Tip! Want to learn more about the Python collections module and its Counter class? Check out my in-depth tutorial here, where you’ll learn how to count occurrences of a substring in a string.
Let’s see how we can use the Counter
object to count unique values in a Python list:
# Use Counter from collections to count unique values in a Python list
a_list = ['apple', 'orage', 'apple', 'banana', 'apple', 'apple', 'orange', 'grape', 'grape', 'apple']
from collections import Counter
counter_object = Counter(a_list)
keys = counter_object.keys()
num_values = len(keys)
print(num_values)
# Returns 5
Let’s see what we’ve done here:
- We passed our list into the Counter object to create a unique object
- We get the keys using the .keys() attribute
- Finally, we get the length of that new object
We can make this much easier to write by simply chaining the process together, as shown below.
# Using Counter from collections to count unique values in a list
a_list = ['apple', 'orage', 'apple', 'banana', 'apple', 'apple', 'orange', 'grape', 'grape', 'apple']

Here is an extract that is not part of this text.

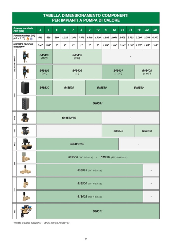 * Perdite di carico tubazioni r ~ 20-22 mm c.a./m (50 °C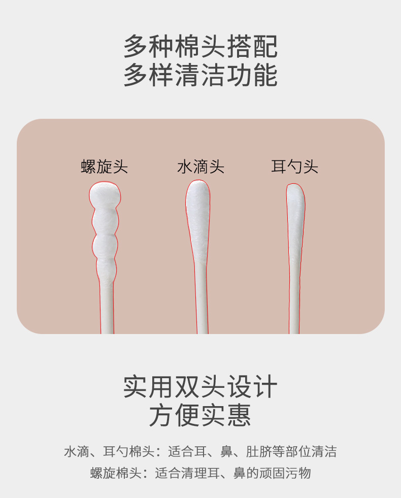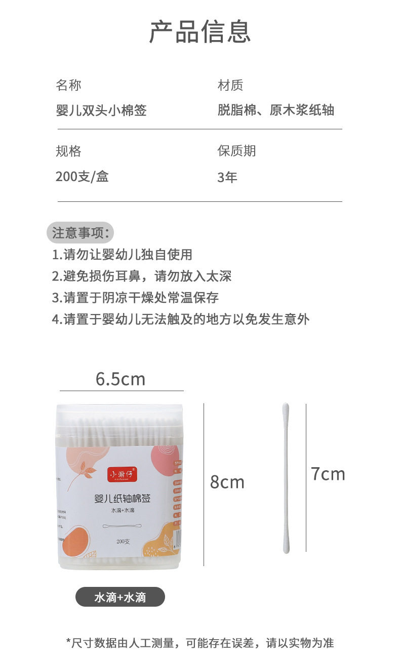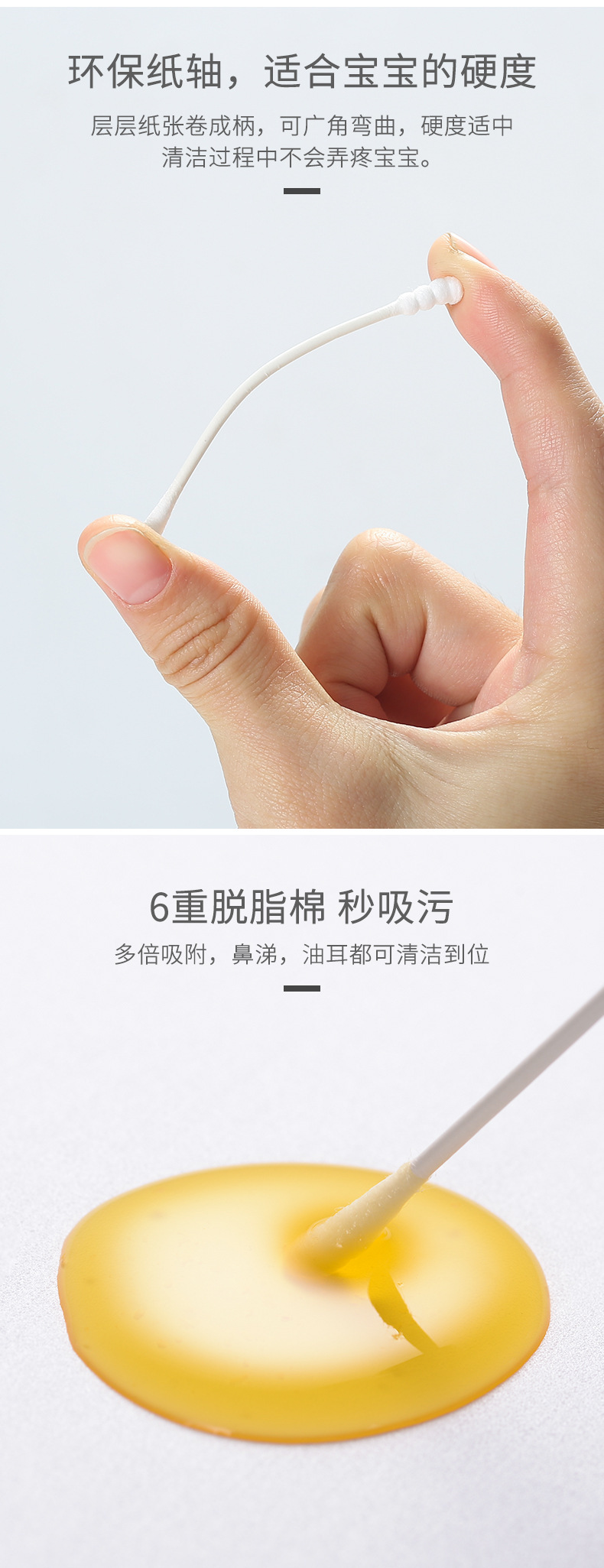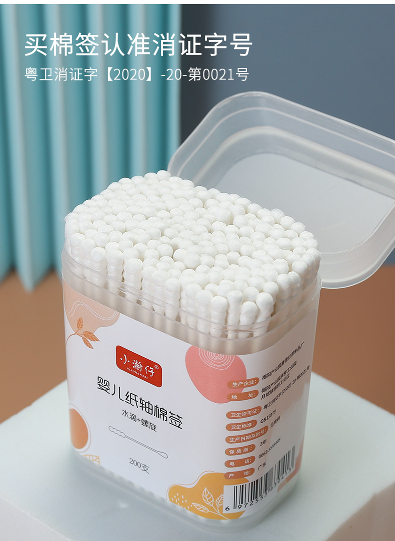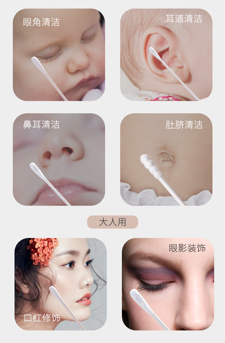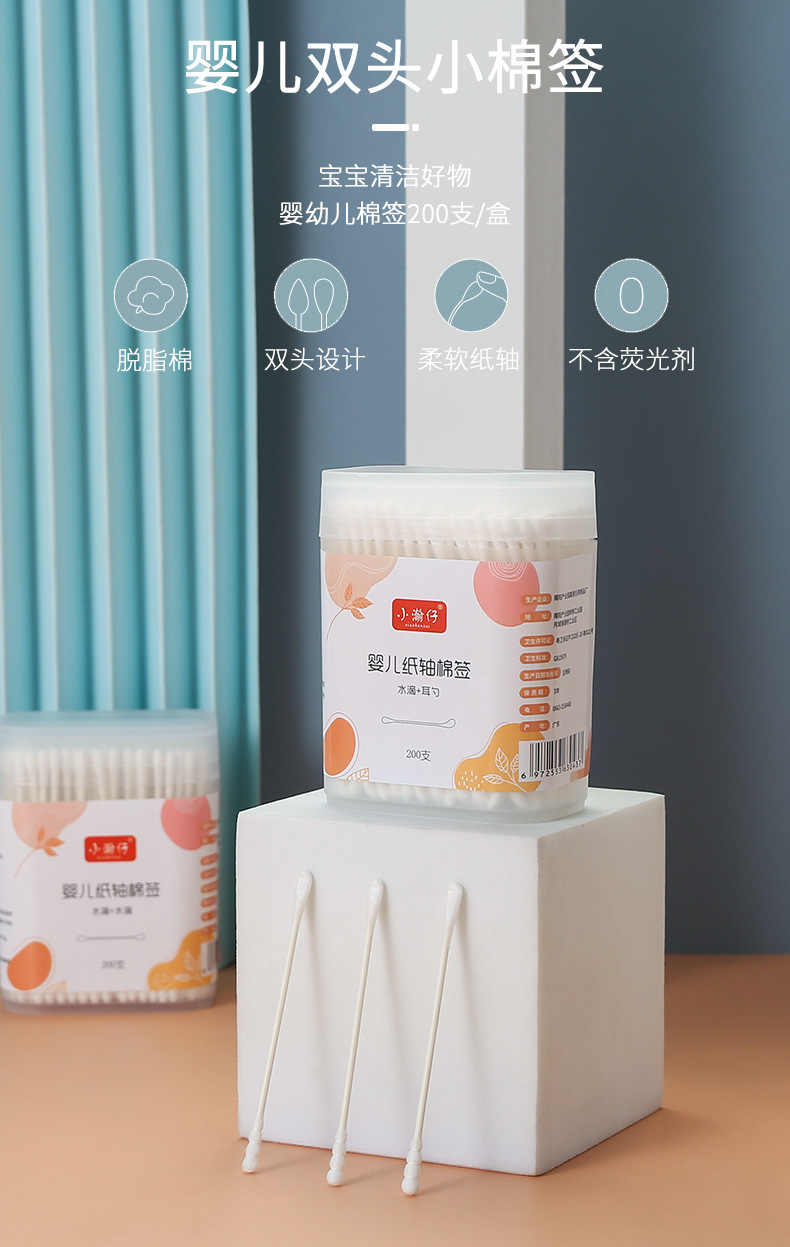 小翰仔双頭綿棒使い捨て乳児綿棒家庭用臍清潔耳綿棒200/400本

from collections import Counter
num_values = len(Counter(a_list).keys())
print(num_values)
# Returns 5
This process returns the same thing, but is much quicker to write!
Using Sets to Count Unique Values in a Python List
Another built-in data structure from Python are sets. One of the things that separate sets from lists is that they can only contain unique values.
Python comes built with a set()
function that lets you create a set based on something being passed into the function as a parameter. When we pass a list into the function, it turns the list into a set, thereby stripping out duplicate values.
Now, let’s see how we can use sets to count unique values in a list:
# Using sets to count unique values in a list
a_list = ['apple', 'orage', 'apple', 'banana', 'apple', 'apple', 'orange', 'grape', 'grape', 'apple']
set = set(a_list)
num_values = len(set)
print(num_values)
# Returns: 5
What we’ve done here is:
- Turned our list into a set using the built-in
set()
function - Returned the number of values by counting the length of the set, using the
len()
function
We can also make this process a little faster by simply chaining our methods together, as demonstrated below:
# Using sets to count unique values in a list
a_list = ['apple', 'orage', 'apple', 'banana', 'apple', 'apple', 'orange', 'grape', 'grape', 'apple']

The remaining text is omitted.